What do you do and how old are you?

I work at MFM Prayer City as a laundry manager. I am 57 years old. I was born on July 13, 1968.

When did you get married?

I got married in 1994.

When you got married in 1994, like most couples, you probably expected to have a child within a year or two. At what point did you realise there was a challenge with getting pregnant?

We realised it was a challenge about five years into the marriage.

What did you do after discovering that?

We started by praying. After that, we sought medical treatment and saw a doctor for possible solutions.

Was there any specific medical issue that was diagnosed?

No.

Did you try IVF at any point?

Yes, we did.

How many times?

We tried twice, as I mentioned in my testimony.

Did any of the attempts result in pregnancy?

No, they both failed, but we persisted in prayer and kept believing God. Whatever treatment or medication was required, we took it, and we continued trusting God. In His infinite mercy, God answered us.
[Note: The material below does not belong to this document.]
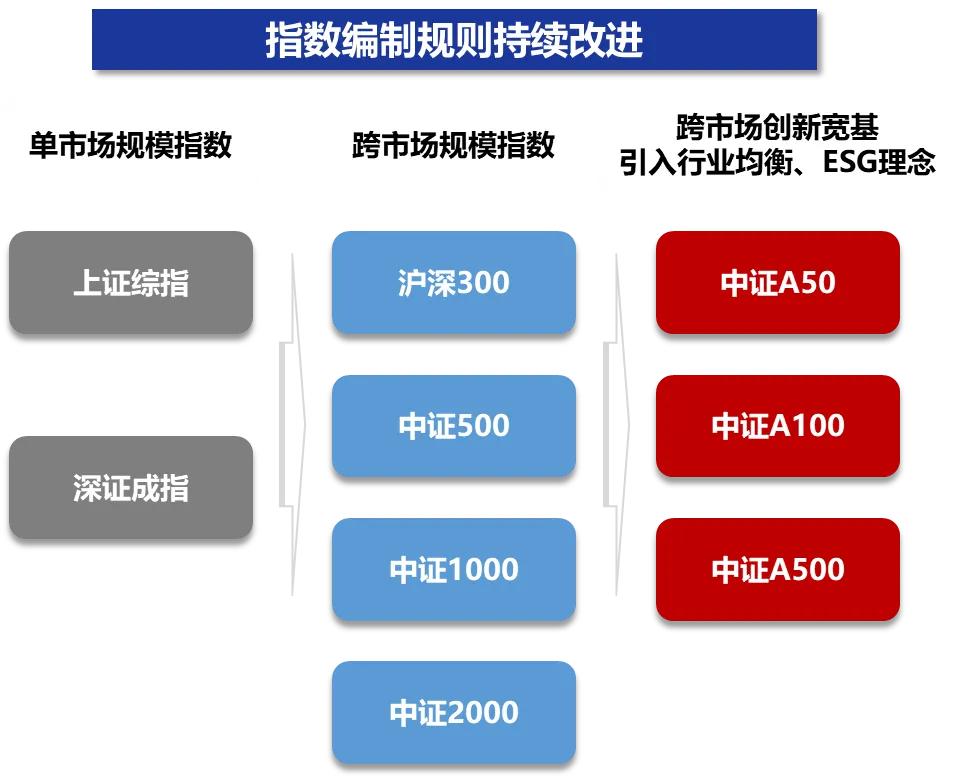 从最早的上证、深证单市场综合指数,到以沪深300、中证500为代表的规模宽基指数,实现了对A股资产市值结构的全面表征,再到中证A500为核心的A系列创新宽基指数,精选细分行业龙头、兼顾行业均衡,并且引入国际先进的ESG投资理念,指数的表征性和深度投资价值进一步提升。
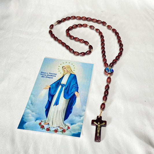 TERÇO DE MADEIRA NOSSA SENHORA DAS GRAÇAS 08MM (3 UNIDADES)

That is why we are here today, thanking Him for what only He can do. This can only be God. It surpasses human imagination. It is purely God’s intervention.

How did you discover you were pregnant?

I was seeing a doctor at the time. When I began noticing some changes in my body, they ran some tests. It was through those tests that I discovered I was pregnant.

What year was that?

That was in May 2024.

Was it a natural delivery?

No, it was a Caesarean section because of my age.

Was the conception natural, or was there any medical procedure involved?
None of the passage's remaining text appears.